▶ _Action item_
A verbatim copy of the full data, with no pictures, is the expected answer.

(Records from a data source)
--------
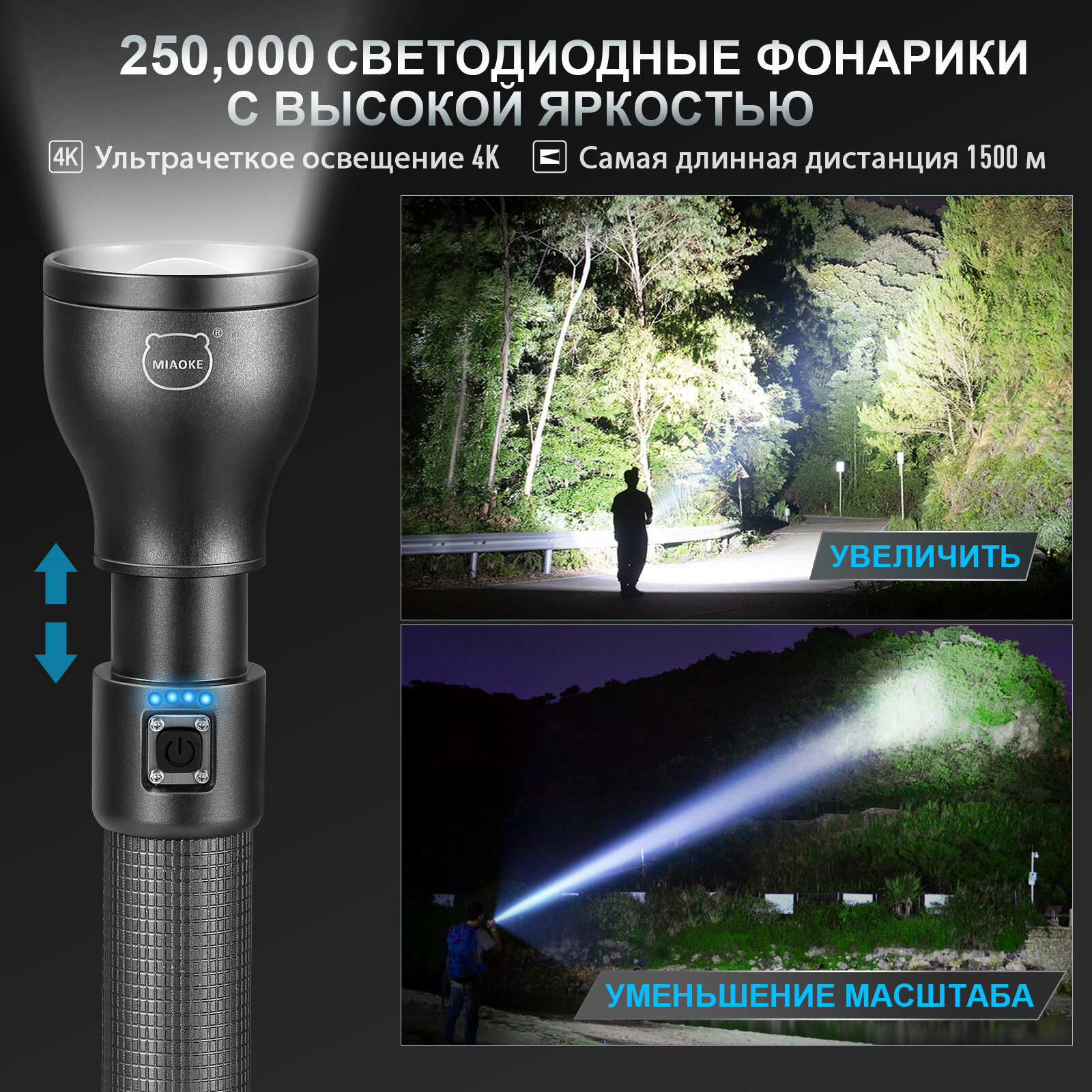 250000 лм фонарик аккумуляторный ручной, С разбиватель стекол,зашита IPX7, 5200. MAЧ батарея,Корпус из сплава, интересное:
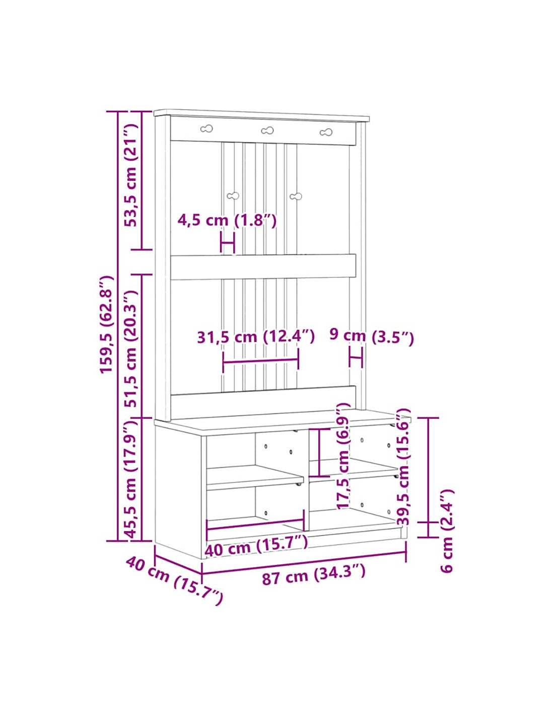 - Dimensioni: 87 x 40 x 159,5 cm (L x P x A)
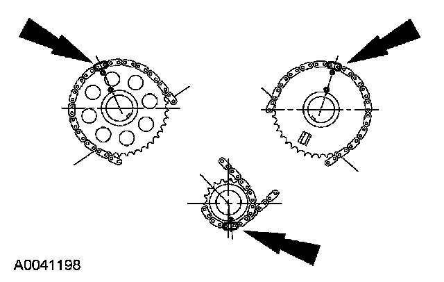 16. Make sure that the copper (marked) chain links are lined up with the dots on the crankshaft sprockets and the camshaft sprocket.
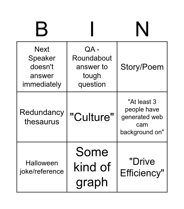 This bingo card has a free space and 8 words: "At least 3 people have generated web cam background on", Story/Poem, QA - Roundabout answer to tough question, Halloween joke/reference, Next Speaker doesn't answer immediately, "Drive Efficiency", Redundancy thesaurus and Some kind of graph.
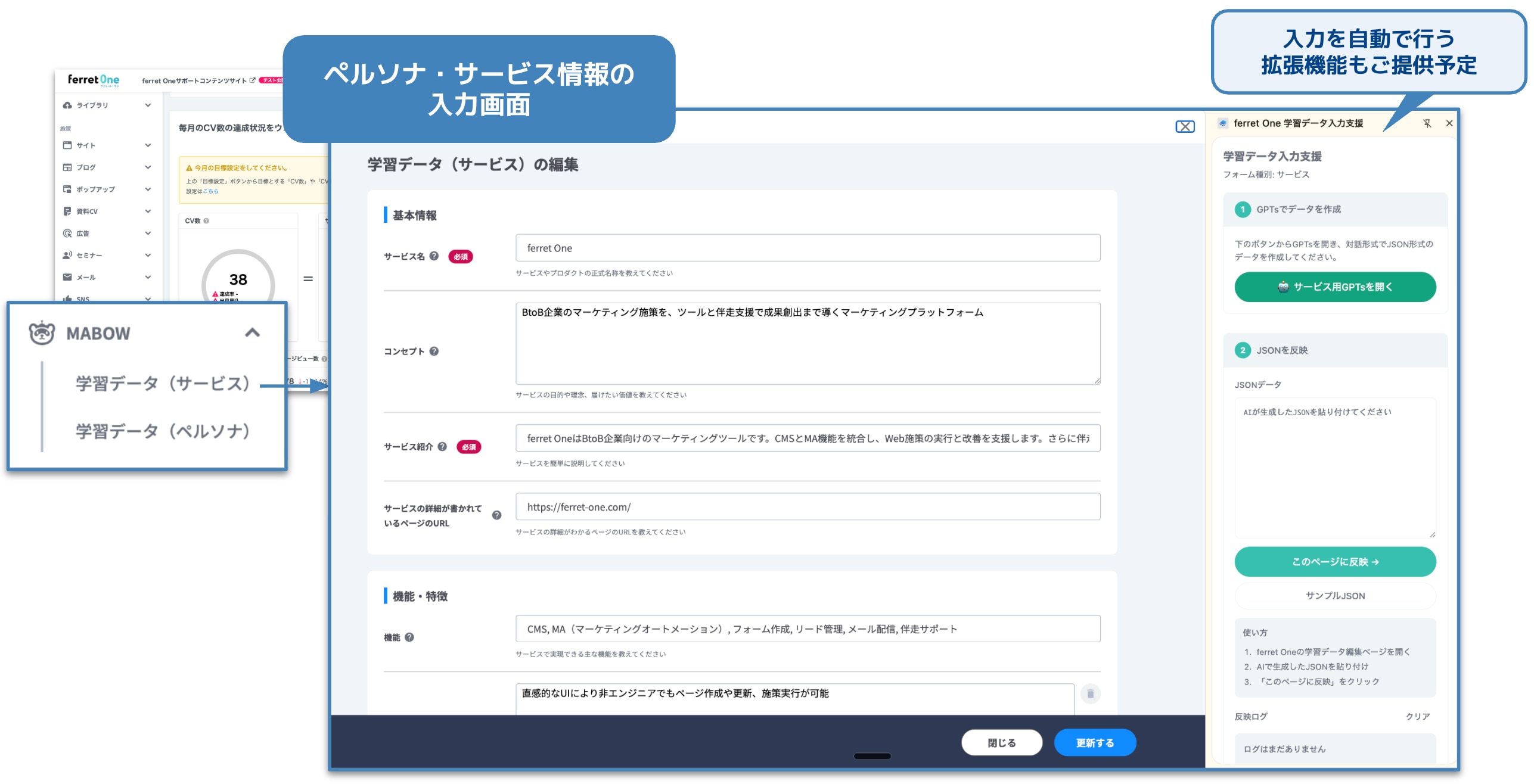 サービス情報・ペルソナ情報を入力できる【Chrome拡張機能】をご用意しています。併せてご利用ください。
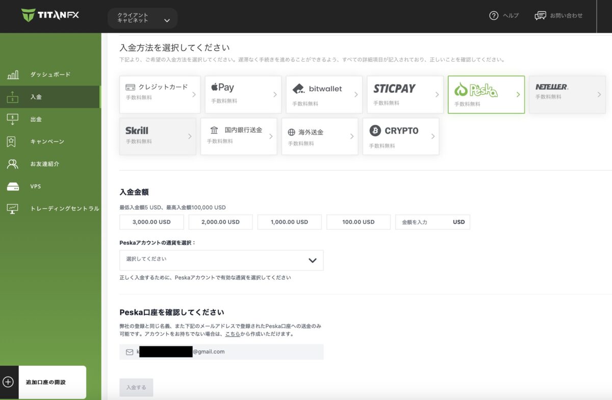 なお、TitanFXに登録したときと同じ名義、同じメールアドレスで登録されたPeska口座からのみ送金可能です。
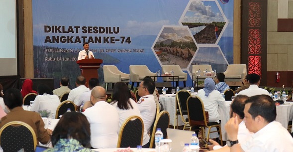 MITRAPOL.com, Toba – Wakil Bupati Toba Tonny M. Simanjuntak memaparkan satu persatu potensi yang ada di Kabupaten Toba saat menghadiri kegiatan Pendidikan dan Latihan (Diklat) Sekolah Staf Dinas Luar Negeri (Sesdilu) Angkatan ke-74 Kementerian Luar Negeri (Kemenlu) di Ballroom Labersa Hotel, Balige, Kabupaten Toba, Rabu (14/6/2023).
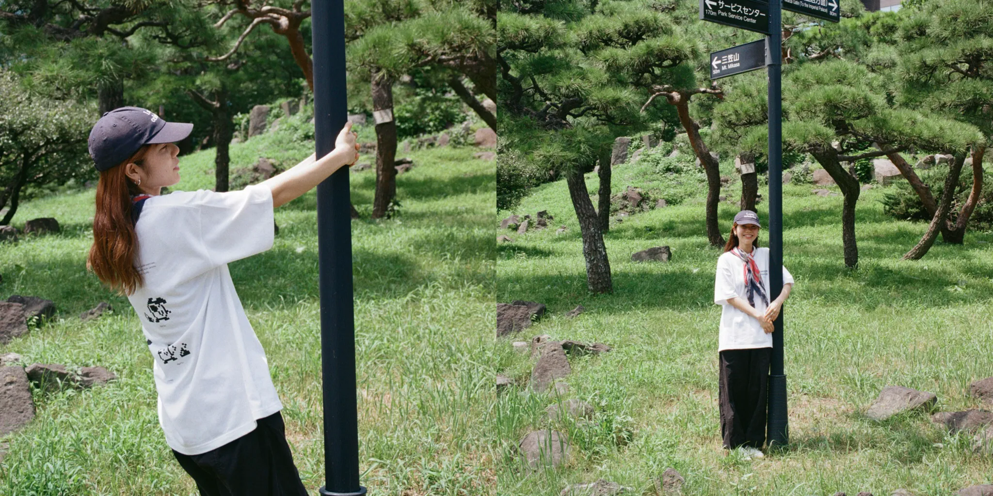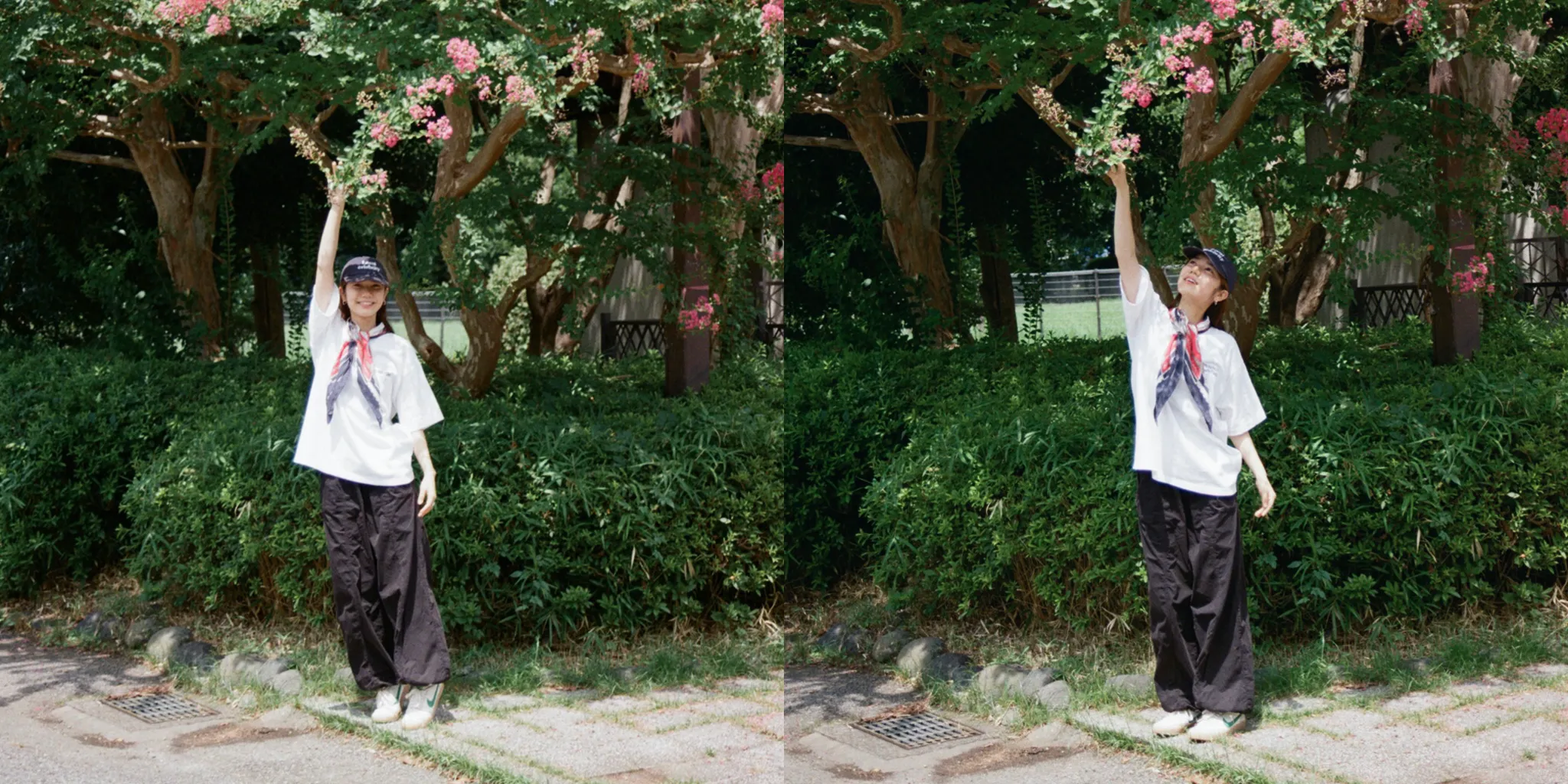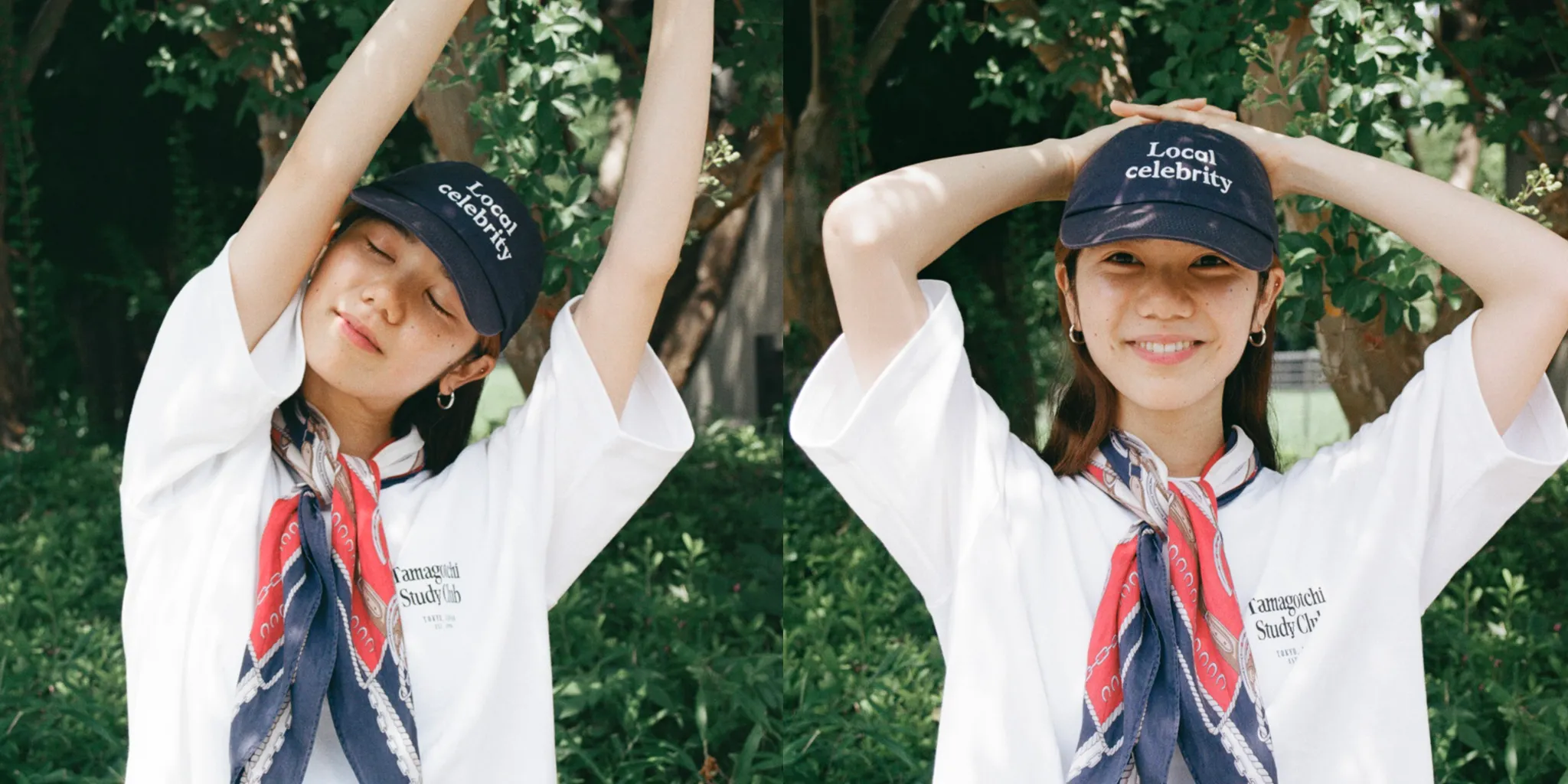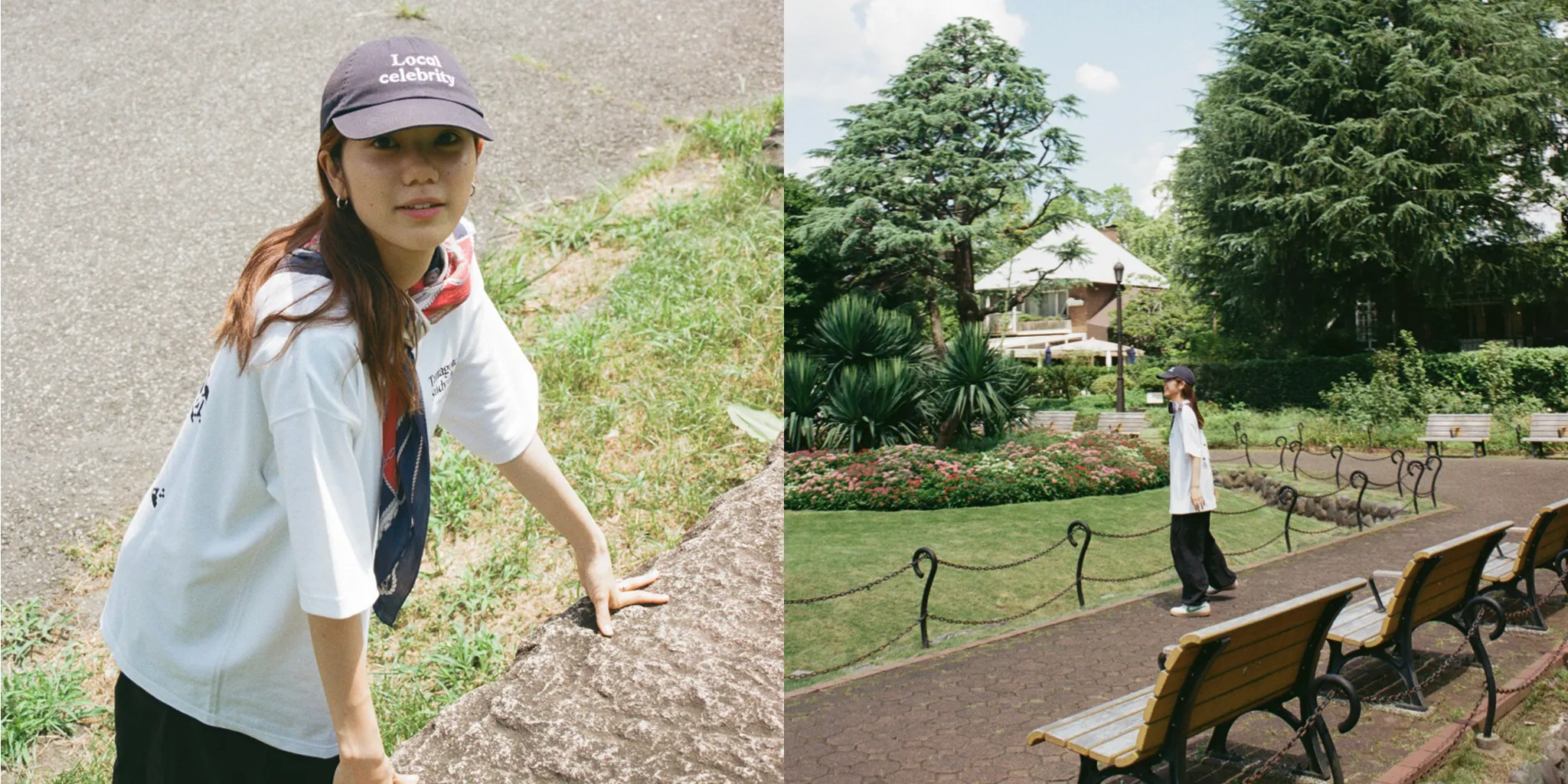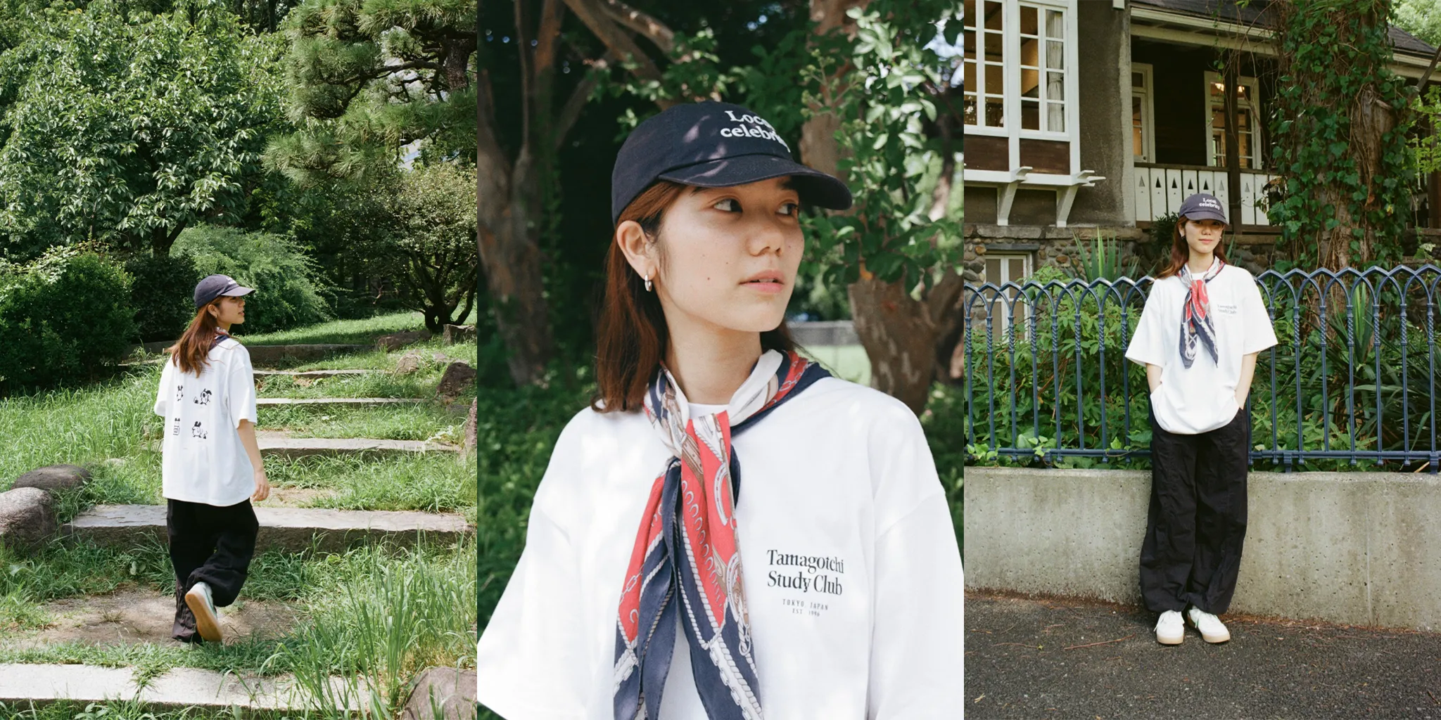 Tomoe:フェミニンな雰囲気にスポーティーなアイテムを合わせたりするのが好きで、今回はTシャツにナイロンパンツで動きやすいスタイルだけど、スカーフの可愛らしさでバランスをとったスタイリングにしたよ。
--------
▶ _The answer_
 250000 лм фонарик аккумуляторный ручной, С разбиватель стекол,зашита IPX7, 5200. MAЧ батарея,Корпус из сплава, интересное:
 - Dimensioni: 87 x 40 x 159,5 cm (L x P x A)
 16. Make sure that the copper (marked) chain links are lined up with the dots on the crankshaft sprockets and the camshaft sprocket.
 This bingo card has a free space and 8 words: "At least 3 people have generated web cam background on", Story/Poem, QA - Roundabout answer to tough question, Halloween joke/reference, Next Speaker doesn't answer immediately, "Drive Efficiency", Redundancy thesaurus and Some kind of graph.
 サービス情報・ペルソナ情報を入力できる【Chrome拡張機能】をご用意しています。併せてご利用ください。
 なお、TitanFXに登録したときと同じ名義、同じメールアドレスで登録されたPeska口座からのみ送金可能です。
 MITRAPOL.com, Toba – Wakil Bupati Toba Tonny M. Simanjuntak memaparkan satu persatu potensi yang ada di Kabupaten Toba saat menghadiri kegiatan Pendidikan dan Latihan (Diklat) Sekolah Staf Dinas Luar Negeri (Sesdilu) Angkatan ke-74 Kementerian Luar Negeri (Kemenlu) di Ballroom Labersa Hotel, Balige, Kabupaten Toba, Rabu (14/6/2023).
 Tomoe:フェミニンな雰囲気にスポーティーなアイテムを合わせたりするのが好きで、今回はTシャツにナイロンパンツで動きやすいスタイルだけど、スカーフの可愛らしさでバランスをとったスタイリングにしたよ。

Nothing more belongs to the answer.